Every Sufficiently Advanced Configuration Language is Wrong

Jun 20, 2022

Every sufficiently advanced configuration language is the wrong tool for the job.

For basic configuration, YAML or JSON is usually good enough. It falls apart when you try to do more:

  • Template it with a templating engine
  • Use esoteric language features to reuse code (anchors and aliases)
  • Patch or modify it with something like JSONPatch
  • Type-check or schema validate

These are anti-patterns and often cause more issues than they solve. So instead, we develop more advanced configuration languages that aim to solve many of the problems that we duck-tape with YAML or aren't possible to express in YAML.

  • Eliminate duplication with object orientation (Jsonnet, GCL)
  • Schema definition and data validation (CUE)
  • Modules, packages, and inheritance (CUE)
  • Scripting, Control flow  (Dhall)

The logical extreme is becoming more evident – advanced configuration in general-purpose programming languages. You can see this in the emergence of Typescript for Infrastructure-as-Code. For the most basic (and human 0x777) configuration needs, there will always be simple formats – YAML, JSON, INI, etc.).

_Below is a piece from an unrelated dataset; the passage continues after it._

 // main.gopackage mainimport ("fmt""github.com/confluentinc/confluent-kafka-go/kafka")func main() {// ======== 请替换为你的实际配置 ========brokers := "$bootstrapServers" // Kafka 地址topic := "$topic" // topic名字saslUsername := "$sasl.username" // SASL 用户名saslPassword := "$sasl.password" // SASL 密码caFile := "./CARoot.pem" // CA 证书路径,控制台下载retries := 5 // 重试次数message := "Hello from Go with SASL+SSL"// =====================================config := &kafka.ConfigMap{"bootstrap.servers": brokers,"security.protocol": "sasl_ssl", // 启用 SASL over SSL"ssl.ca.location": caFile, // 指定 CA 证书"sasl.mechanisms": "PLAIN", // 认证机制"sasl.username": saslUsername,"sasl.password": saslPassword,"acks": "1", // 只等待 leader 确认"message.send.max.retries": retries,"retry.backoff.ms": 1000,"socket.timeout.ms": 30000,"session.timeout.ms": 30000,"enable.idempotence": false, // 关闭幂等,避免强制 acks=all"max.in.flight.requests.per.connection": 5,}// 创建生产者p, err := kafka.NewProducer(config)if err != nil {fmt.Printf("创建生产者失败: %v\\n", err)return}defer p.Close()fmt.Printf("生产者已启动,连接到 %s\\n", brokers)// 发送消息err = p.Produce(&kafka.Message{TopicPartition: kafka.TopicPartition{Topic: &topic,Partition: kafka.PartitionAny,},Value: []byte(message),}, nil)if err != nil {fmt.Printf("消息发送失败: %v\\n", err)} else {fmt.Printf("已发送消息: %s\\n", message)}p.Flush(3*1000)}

For everything else, general-purpose languages will win out.

  • A variety of type systems (e.g., static vs. dynamic, nominal vs. structural) can fit every use case.
  • Inheritance and package management are already built-in. Schema definition and validation can live alongside schema usage.
  • Configuration can be unit or integration tested.
  • No toolchain sprawl – developers don't need to learn a new language or download new tools.
  • Can utilize schema definitions from APIs. In the compiled configuration stack, you benefit by having built-in intellisense schema usage and discovery.

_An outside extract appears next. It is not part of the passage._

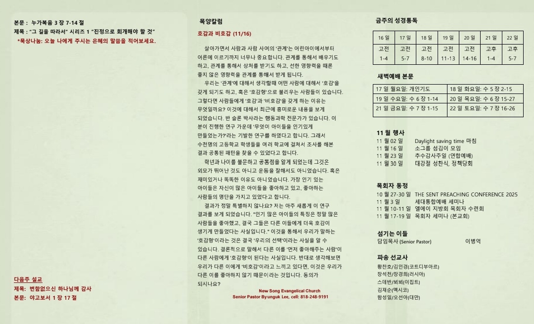 11월 16일 2025년 주보 보기

But we're not quite there yet. Typescript is one of the most promising languages for infrastructure (and, soon, language-agnostic project configuration). What else needs to happen before we see widespread configuration-as-code.

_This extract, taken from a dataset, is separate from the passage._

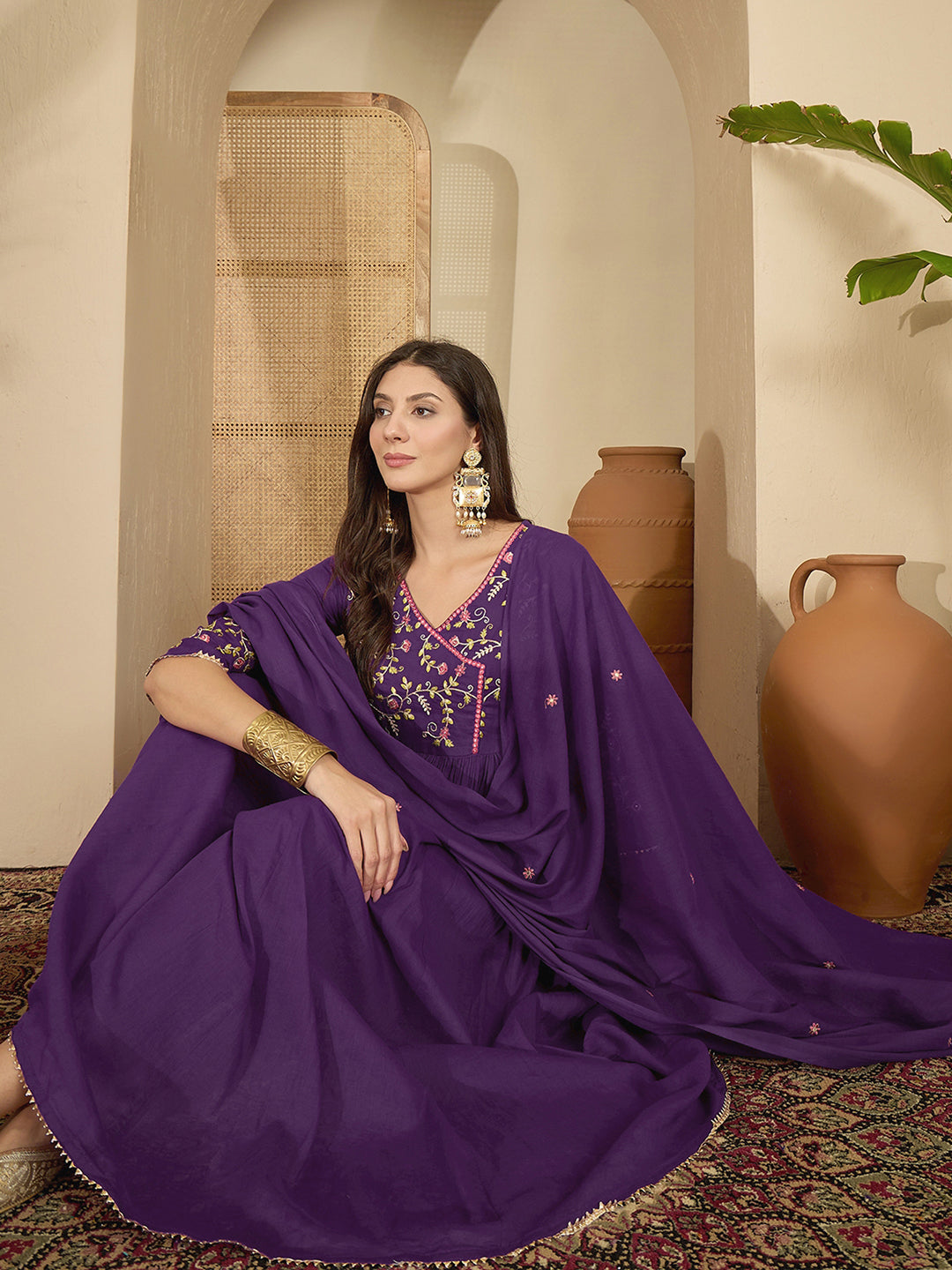 Cotton Embroidered Anarkali Kurta with Pant & Dupatta

  • Configuration in code needs to be easily embeddable into existing projects without boilerplate. YAML requires a few lines of parsing code. Typescript requires a package.json, tsconfig, etc. WebAssembly offers an exciting path to embed interpreters in other LLVM-based languages (like Go, Rust, Python, etc.).
  • Languages need general-purpose declarative constructs built-in to support constrained configuration sets. For example, AWS has aws/constructs, which serves as the basis for AWS CDK. We'll need more like this (and maybe even implement other APIs in it, see this RFP).
  • Advanced configuration tooling needs to be built for developers, not operators. The era of Chef, Puppet and other DevOps tooling that leaned heavily towards Ops is ending. Developers can write their code, write their own configuration, and deploy their own apps.
  • Not all general-purpose languages are good fits for configuration. For example, Go can be excessively verbose for configuration. Some language type systems will be a better fit than others for specific projects.

Some common objections:

  • But $language is not declarative or reproducible. Every project lives on the Spectrum of Reproducibility, and you can develop frameworks that satisfy your team's specific requirements (e.g., no external dependencies, byte-for-byte reproducibility, or whatever else.)
  • We want configuration to be editable without writing code. Writing lines of Jinja templates is often more complex and less maintainable than the equivalent in code. The further the resulting configuration drifts from the static representation, the more a general-purpose language is useful.